Input data:
....

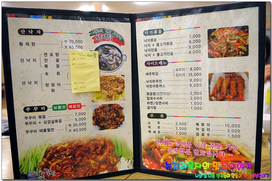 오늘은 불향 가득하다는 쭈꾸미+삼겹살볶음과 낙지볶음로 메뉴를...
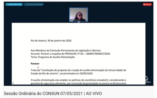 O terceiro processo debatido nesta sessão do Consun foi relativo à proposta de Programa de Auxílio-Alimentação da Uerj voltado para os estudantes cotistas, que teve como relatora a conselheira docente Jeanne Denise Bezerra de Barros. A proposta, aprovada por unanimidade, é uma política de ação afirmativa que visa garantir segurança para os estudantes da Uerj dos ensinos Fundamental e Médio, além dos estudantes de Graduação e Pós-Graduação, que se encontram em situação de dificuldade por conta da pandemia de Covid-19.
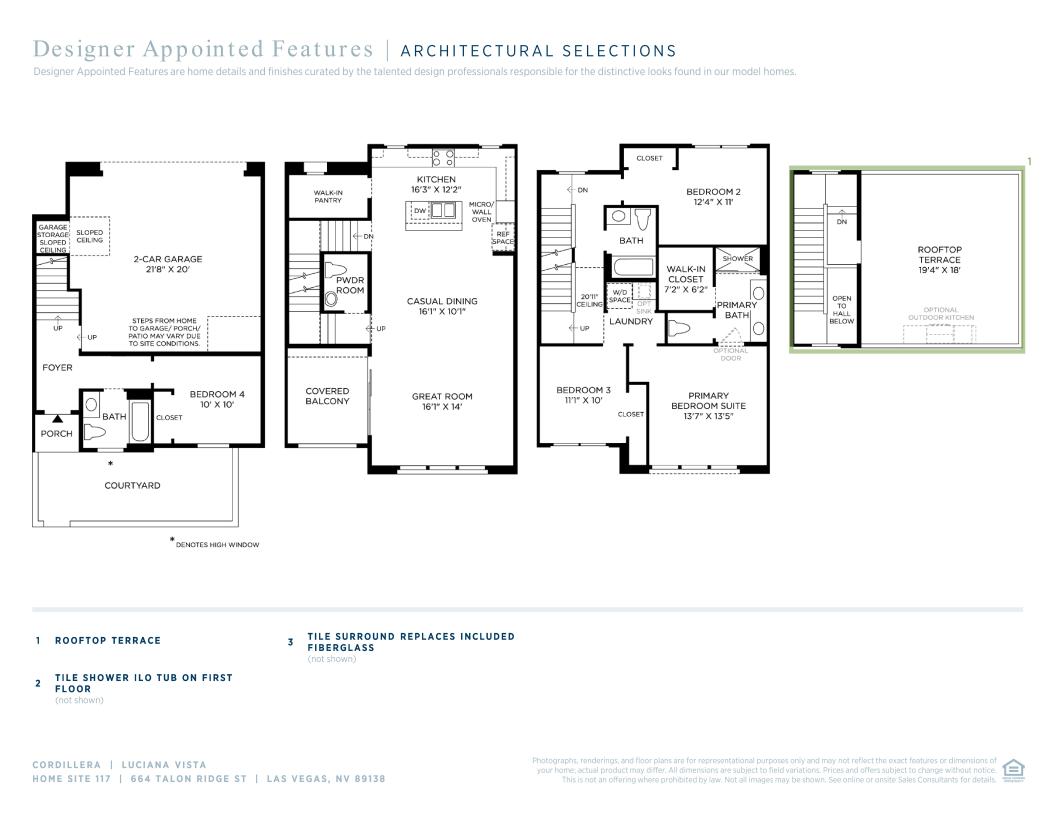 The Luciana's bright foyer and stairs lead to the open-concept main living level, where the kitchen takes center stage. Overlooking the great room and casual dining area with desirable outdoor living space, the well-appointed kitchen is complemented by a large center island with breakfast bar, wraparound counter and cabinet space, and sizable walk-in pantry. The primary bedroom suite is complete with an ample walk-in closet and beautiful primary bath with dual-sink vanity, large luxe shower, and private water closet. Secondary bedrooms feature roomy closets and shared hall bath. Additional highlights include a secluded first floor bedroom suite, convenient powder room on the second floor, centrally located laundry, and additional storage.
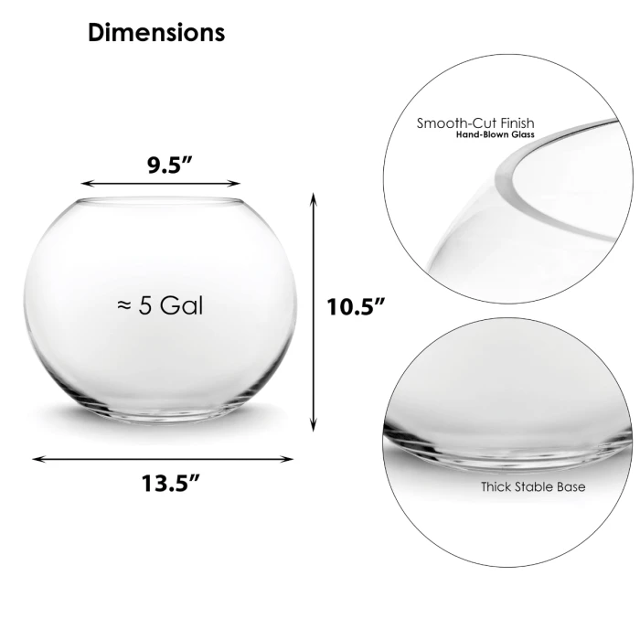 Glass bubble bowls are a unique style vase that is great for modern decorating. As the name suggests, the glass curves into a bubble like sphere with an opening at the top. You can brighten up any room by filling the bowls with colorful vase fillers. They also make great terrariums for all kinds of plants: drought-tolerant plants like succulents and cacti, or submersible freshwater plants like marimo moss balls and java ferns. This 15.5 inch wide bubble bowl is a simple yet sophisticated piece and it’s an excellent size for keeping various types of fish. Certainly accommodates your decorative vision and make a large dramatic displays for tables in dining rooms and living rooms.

....

How to complete this task: In your answer, repeat the material above in full, exactly, and without its pictures.

Answer space:
 오늘은 불향 가득하다는 쭈꾸미+삼겹살볶음과 낙지볶음로 메뉴를...
 O terceiro processo debatido nesta sessão do Consun foi relativo à proposta de Programa de Auxílio-Alimentação da Uerj voltado para os estudantes cotistas, que teve como relatora a conselheira docente Jeanne Denise Bezerra de Barros. A proposta, aprovada por unanimidade, é uma política de ação afirmativa que visa garantir segurança para os estudantes da Uerj dos ensinos Fundamental e Médio, além dos estudantes de Graduação e Pós-Graduação, que se encontram em situação de dificuldade por conta da pandemia de Covid-19.
 The Luciana's bright foyer and stairs lead to the open-concept main living level, where the kitchen takes center stage. Overlooking the great room and casual dining area with desirable outdoor living space, the well-appointed kitchen is complemented by a large center island with breakfast bar, wraparound counter and cabinet space, and sizable walk-in pantry. The primary bedroom suite is complete with an ample walk-in closet and beautiful primary bath with dual-sink vanity, large luxe shower, and private water closet. Secondary bedrooms feature roomy closets and shared hall bath. Additional highlights include a secluded first floor bedroom suite, convenient powder room on the second floor, centrally located laundry, and additional storage.
 Glass bubble bowls are a unique style vase that is great for modern decorating. As the name suggests, the glass curves into a bubble like sphere with an opening at the top. You can brighten up any room by filling the bowls with colorful vase fillers. They also make great terrariums for all kinds of plants: drought-tolerant plants like succulents and cacti, or submersible freshwater plants like marimo moss balls and java ferns. This 15.5 inch wide bubble bowl is a simple yet sophisticated piece and it’s an excellent size for keeping various types of fish. Certainly accommodates your decorative vision and make a large dramatic displays for tables in dining rooms and living rooms.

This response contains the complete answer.